WHAT IS NEEDED » An exact restatement of the data below, with the pictures removed, is the required answer.

PROVIDED MATERIAL »
───
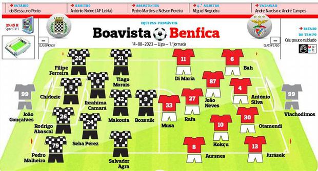 Os onzes prováveis de Boavista e Benfica, equipas que esta segunda-feira se defrontam, a partir das 20.45 horas, no Estádio do Bessa, em partida da jornada inaugural da Liga.
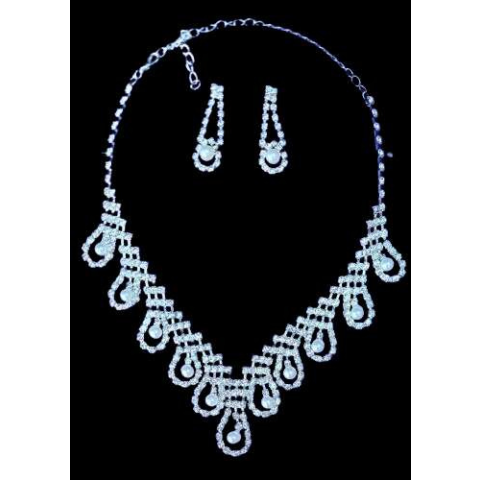Ezüst színű, kristály strassz gyöngyös nyaklánc fülbevaló szett esküvőre
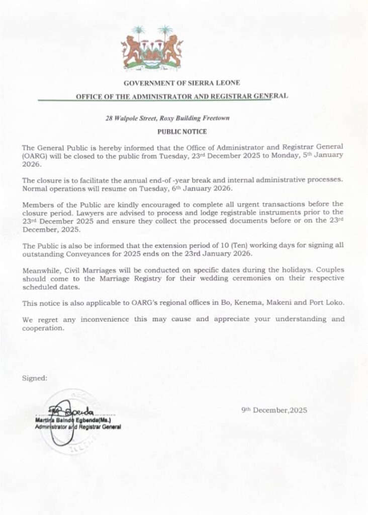 The Office of the Administrator and Registrar General (OARG) has announced that all its offices, including regional branches in Bo, Kenema, Makeni, and Port Loko, will be closed to the public from Tuesday, 23rd December 2025 to Monday, 5th January 2026.
───
RESPONSE BELOW »
 Os onzes prováveis de Boavista e Benfica, equipas que esta segunda-feira se defrontam, a partir das 20.45 horas, no Estádio do Bessa, em partida da jornada inaugural da Liga.
Ezüst színű, kristály strassz gyöngyös nyaklánc fülbevaló szett esküvőre
 The Office of the Administrator and Registrar General (OARG) has announced that all its offices, including regional branches in Bo, Kenema, Makeni, and Port Loko, will be closed to the public from Tuesday, 23rd December 2025 to Monday, 5th January 2026.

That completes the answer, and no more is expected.